To understand the intent behind Treaty, I think it might be useful to explain why it was invented.

Several years ago, a certain leader behind a large social network site on the internet was asked to provide to the United States Congress testimony about a situation that occurred with people's data.

At the time as a data warehouse and business intelligence developer, I joked with my co-workers: "Why can't this company just give me a SQL login to their database and permission me in so that I can see what data they have; but only for me?"

What was an offhand joke evolved into Treaty, or at least the intent behind Treaty: Give application developers the option to give users of their application first-class access to their data.

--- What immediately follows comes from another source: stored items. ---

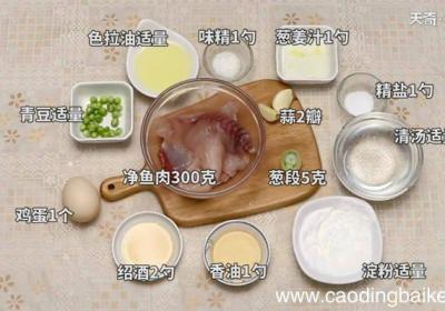 步骤1准备食材:净鱼肉300克、青豆适量、鸡蛋1个、葱段5克、蒜2瓣、淀粉适量、味精1勺、香油1勺、精盐1勺、绍酒2勺、葱姜汁1勺、清汤适量、色拉油适量 。步骤2将葱切段 。步骤3鱼肉洗净切成小丁,加入葱姜汁、精盐,腌制10分钟 。步骤4鱼...
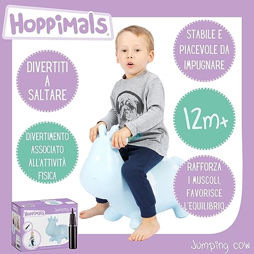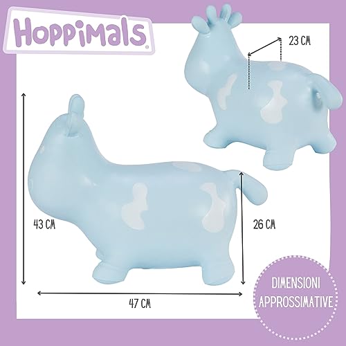 Hoppimals Space Hopper Mucca Gonfiabile per Bambini di età Pari o Superiore a 12 Mesi - Imballo con Confezione Regalo, Pompa Inclusa - Cavalcabile Bambino, Palla rimbalzante per Bambini - Blu
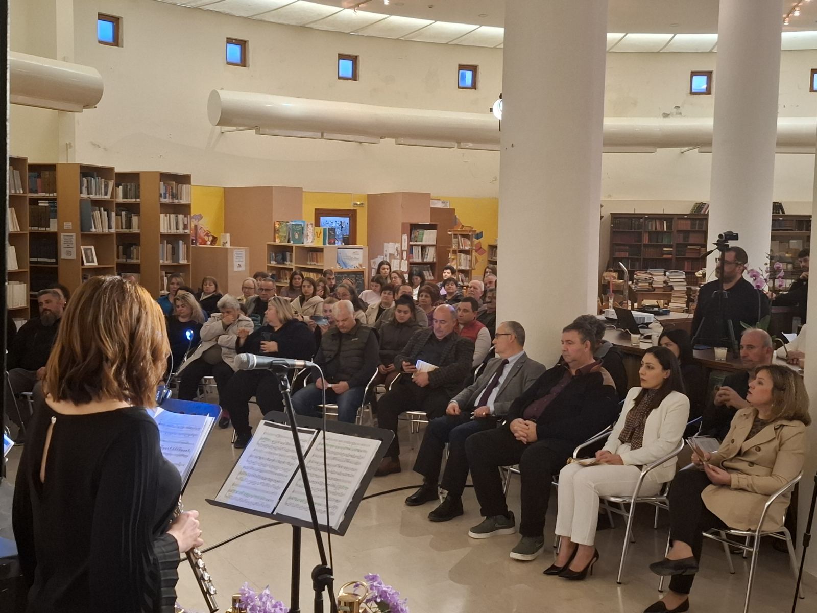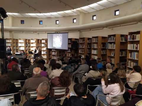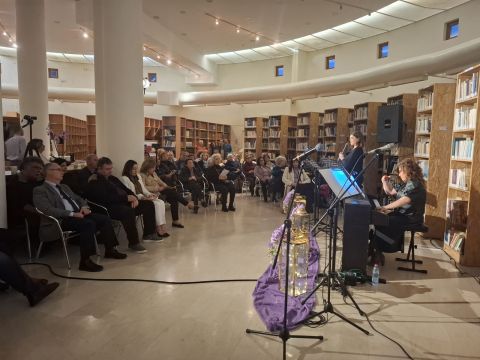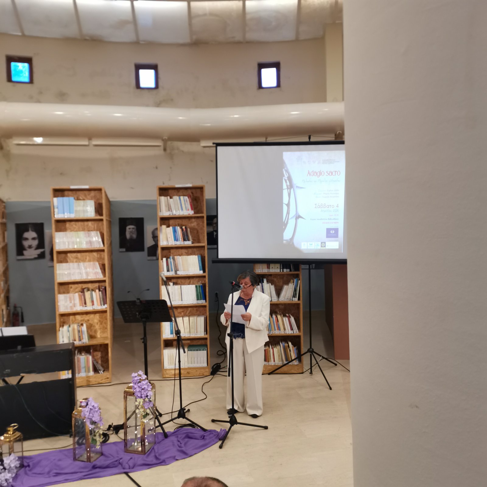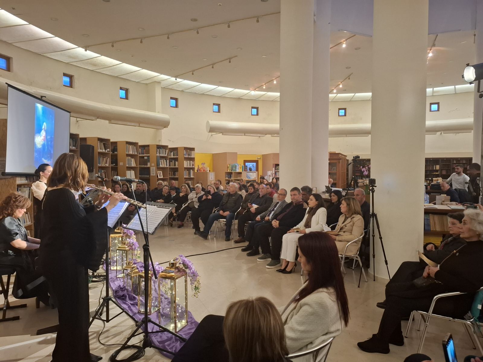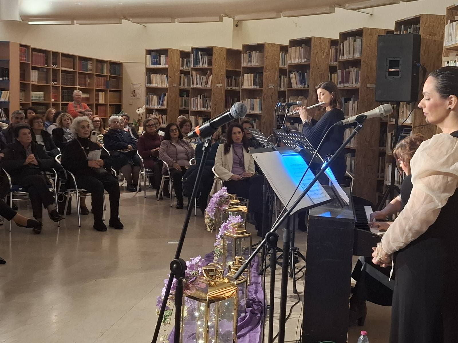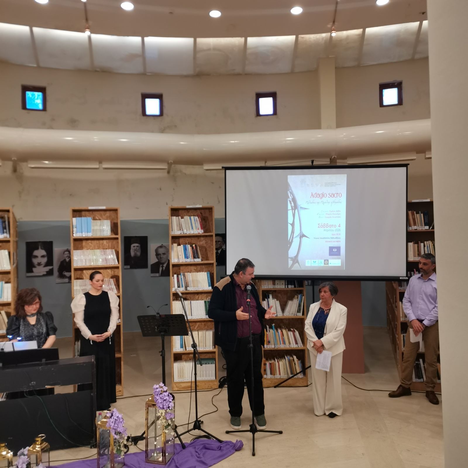 Το περιβάλλον της βιβλιοθήκης, διακοσμημένο σύμφωνα με το πνεύμα της Μεγάλης Εβδομάδας, ήταν καταπληκτικό και απόλυτα συνδυασμένο με το μουσικό δρώμενο.

First class access means doing so in a manner that I have termed "cooperative data".

Cooperative Data

Cooperative data is the idea that data in a software application often contains components that don't originate with the the author of the software application. If you're developing an e-commerce website, you likely have modeled your database to support storing your inventory items in some database tables, and you've probably have tables to support your customer's information: Shipping Address, Billing Address, and so on.

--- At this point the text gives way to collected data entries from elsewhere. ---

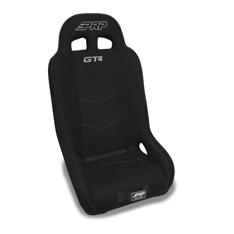 The GT4 is the fourth generation of our best selling GT Series. New features include a redesigned modern style with dual harness slots, 3 layer gel infused removable seat cushion, and new color and materials options so that you can customize your seat more than ever! The GT4 keeps you contained and comfortable with 7 inches of side containment, and a perfect 12 degree seating angle. Medium level containment on the sides keeps you secure when the ride gets rough, but still makes it easy to get in & out of the vehicle. That containment means you can drive with confidence and control – even when bouncing around in rough terrain. The seats vinyl-coated nylon suspension liner and dual-density foam decrease the impact on the body, reducing the fatigue you feel after a long day in the dirt or dunes. So you can drive farther in rough terrain with more comfort. The bottom cushion is made with PRP’s 3-layer FlexFoam that is gel infused for maximum comfort after long rides in the seat. The cushion is removeable so you can take it out when cleaning and allows water, mud, sand, and dirt to flow around and drain out the bottom, rather than pile up in the seat. Features a 5th point slot if you use 5-point harnesses. The GT4 Headrest features dual slot harness openings. This gives the seat a modern and aggressive look, while also making it easier to run harnesses and comm lines through. Built in lumbar support means that your back will thank you after a long day of riding. Constructed with Durable and Water Resistant Vinyl. Proudly Made in the USA. Overall the GT4 is a great seat if you want to go fast in the dunes or dirt and be held in tight, while still being able to easily get in and out of the car during stops. Improve your ride! Upgrade your UTV to the GT4 to get the best comfort, containment, and style! Don’t forget to complete your UTV interior! Get a set of matching GT4 Rear Seats, Folding Rear Seats, or Rear Bench. Then add more storage to your UTV with PRP’s UTV St
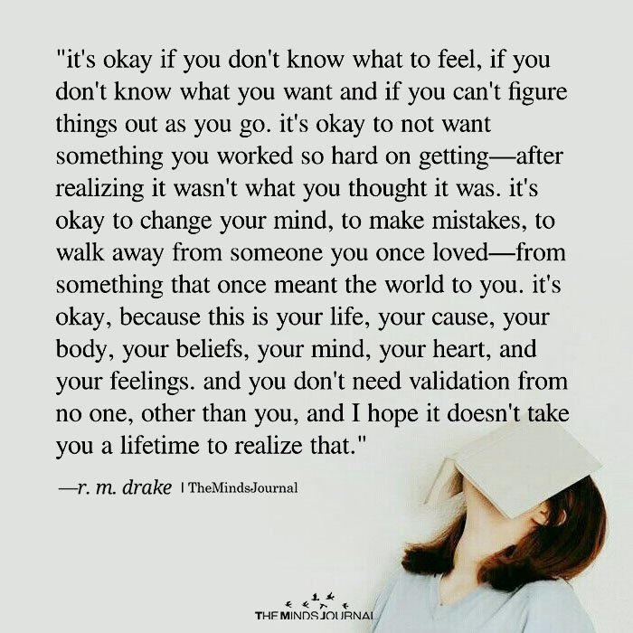 IT’S OKAY IF YOU DON’T KNOW WHAT TO FEEL IF YOU DON’T KNOW WHAT YOU WANT AND IF YOU CAN’T FIGURE OUT THINGS AS YOU GO IT’S OKAY TO NOT WANT SOMETHING YOU WORKED SO HARD ON GETTING – AFTER REALIZING IT ISN’T WHAT YOU THOUGHT IT WAS IT’S OKAY TO CHANGE YOUR MIND TO MAKE MISTAKES TO WALK AWAY FROM SOMEONE YOU ONCE LOVED – FROM SOMETHING THAT ONCE MEANT THE WORLD TO YOU IT’S OKAY BECAUSE THIS IS YOUR LIFE YOUR CAUSE YOUR BODY YOUR BELIEfS YOUR MIND YOUR HEART AND YOUR FEELINGS AND YOU DON’T NEED VALIDATION FROM No ONE OTHER THAN YOU AND I HOPE IT DOESN’T TAKE YOU A LIFETIME TO REALIZE THAT.
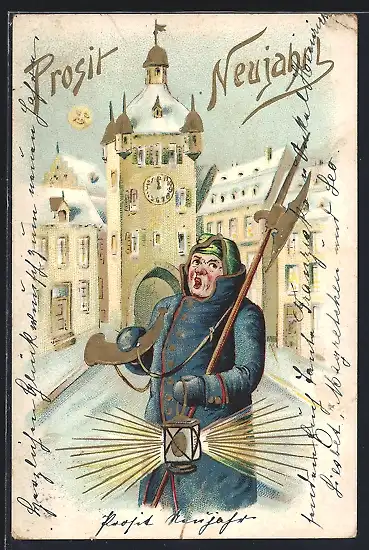 Präge-AK Nachtwächter mit Laterne am Tor, Neujahrsgruss
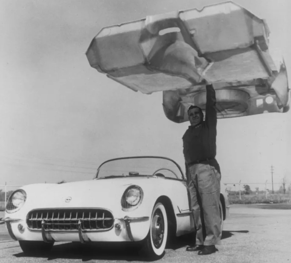 Но главное, кузов изготовили из фибергласса – полиэфирного пластика, усиленного стекловолокном. Основным его преимуществом по сравнению с металлическим считались антикоррозийная стойкость и меньший вес. Снаряженная масса автомобиля составляла 1227 кг. Вскоре прессу обошел снимок: атлет поднимает кузов Corvette… одной рукой. Конечно, это был просто рекламный трюк, но все-таки…
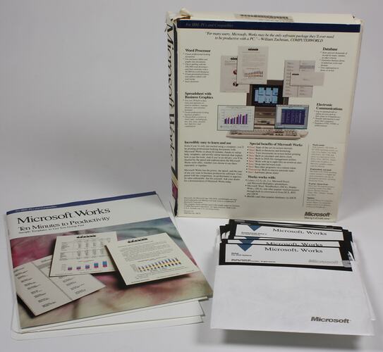 Microsoft Works software for IBM Personal Computers and other compatible computers. Includes programs on Word processing, Databases, Spreadsheets and Electronic communications. Includes twelve 5 1/4 inch disks convering setup, instalation and tuitorials; Ten Minutes to Productivity guide; Microsoft Works Quick Reference guide; Licence Agreement; Microsoft Corporation Technical Support information card; Registration card; and original Invoice Receipt.

The idea then is that inherently the information in this database actually belongs to different people: You as the e-commerce site really are the final authority for what items you can sell on your online store front. Your customers, however, are the final authority on their address location, their name and contact information, and so on.

If we want to give our users rights to their data, this means a few principles I have settled on:

  • Our users must have access to their data. Access means full read and write permissions.
  • In addition, they need not only just access, but also an understanding of how it's used; they can see it and understand how it's being used in the greater database system. They don't need to see the actual content in other database tables, but they need to understand how it ties in. They need to see the schema of the database.
  • They must have the right to determine where their data is stored: either by an authority they trust, or on infastructure that they bring along. They must also have the option to move that data to the infastructure of their choosing.
  • Their data must always be portable. This means that they, if they wish, can import their data into other applications. It is their data, and they must always be able to understand the format it's saved in.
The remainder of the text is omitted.